だが不肖の弟子どもよ、とお叱りを受けそうな気がします。このうち誰が、先生の抱かれた壮大な構想のほんのかけらでも受け継ぎえているのか、みずからかえりみて忸怩たるものがあります。

建築することとは、単に街や建物を設計することではない、人々が生きているその場のすべて、社会、都市、国家にいたるまでを構想し、それを眼に見えるように組みたてることだ。

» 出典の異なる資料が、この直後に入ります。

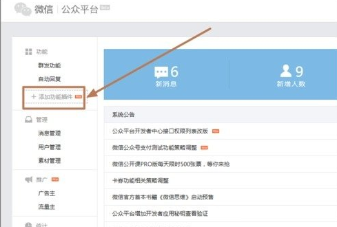 2.进入公众平台管理界面,选择:“增加功能插件”点击打开。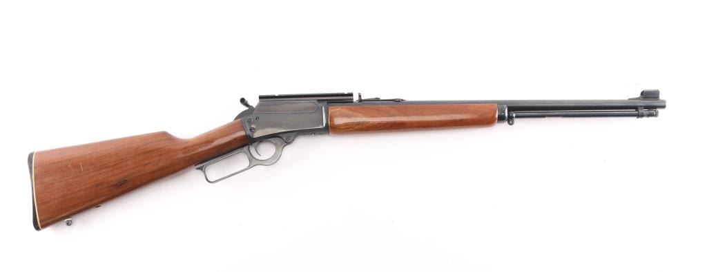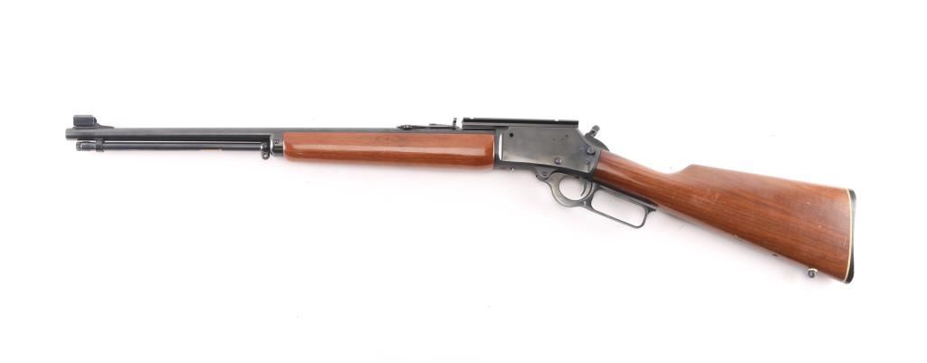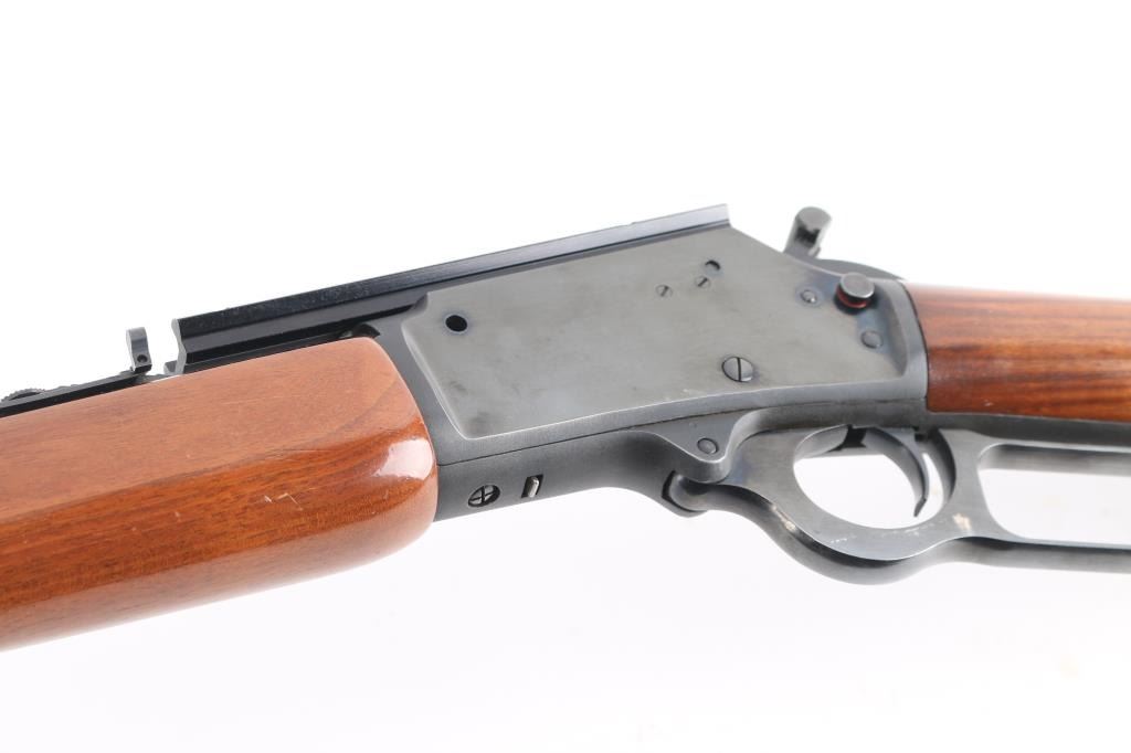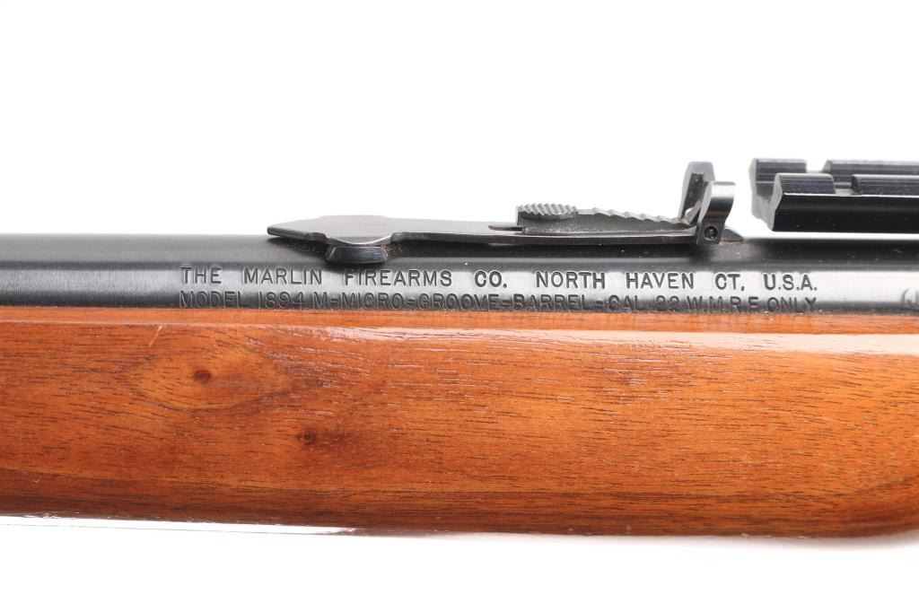 Marlin Model 1894M lever action rifle in .22 W.M.R.F. (Winchester Magnum Rimfire), making this a first year production of this model. This 1894M is in good condition. Features a 20" micro groove barrel with an excellent bore. Also has a "JM" stamp indicating it was made the by the original Marlin firearms team. An elegant rifle chambered for pistol calibers. Its handy size is punctuated by a quick-pointing, straight-grip stock design and Old West-styled, adjustable semi-buckhorn sights, hooded blade/bead front sight. The Model 1894M, manufactured from 1983-1989 is a caliber .22 Magnum lever action with no loading gate and a tubular magazine. Only approximately 12,000 made. Finger extension on hammer spur. Sling studs. Mounted with a scope base on the receiver. Bore is excellent/bright, blue is excellent excellent. wood has a few very minor scratches, lower butt stock has a hole drilled in front of the swivel stud.

これが、私たちが教えて頂いた<建築>の本義であります。

先生はこの本義を体現されていました。 <建築>の化身だと私が考える由縁であります。

丹下健三先生が活躍を始められた20世紀中期の日本では、国家がそのような建築を望んでいました。先生の比類なき構想力が思う存分発揮されました。このとき日本の近代建築は世界のものになりました。今では、20世紀の世界の建築史はケンゾウ・タンゲの名前をはずして語れなくなったといえるでしょう。我が師の栄誉をたたえよう、

弟子どもだけでなく、日本という国家もそういうでしょう。

だが、と柔和な顔をされながら、鋭い眼の奥底から、わが師は語りかけられているように私は感じているのです。

君たちはいったい、これから何をやろうとしているのかね。私は半世紀以上も前にこの国家の肖像を描いてやったのだよ。何ひとつ満足できる時代じゃなかった。そんなきびしいなかでも<建築>するという志さえあれば、その肖像は生み出すことができた。ところがこの満ち足りた時代になってみたら、日本という国家はさまよっている。

<建築>が消えている。

わが弟子たちよ、いったいどういうわけなのだ。

丹下健三先生はこういって、嘆かれていると私は思うのです。

ウィルという言葉には意思とともに、遺言という意味があります。先生が遺された作品の数々がそのままウィルにあてうるでしょう。だがそれだけではない。もうひとつの意味である意志、つまり<建築>を構築しようとする意志、それを忘れてはいけない。

半世紀に渡ってひとりの弟子として師事したあげくに私はやっと、これだけの推量ができるようになりましたが、不肖の弟子のひとりとして、これが並々ならぬ難問であることがいま身にしみてきつつあります。

そこで、私は誰もが口にする、やすらかにお眠りくださいという決まり文句をいいたくありません。

丹下健三先生、眼をみひらいて、見守っていてください。

弟子どもが道をふみはずさずに、先生の遺志をついで行くことができるかどうかを。

弟子の甘えで、申し上げました。

弟子のひとり
磯崎新

できるだけ、来たいのだ。この場所には。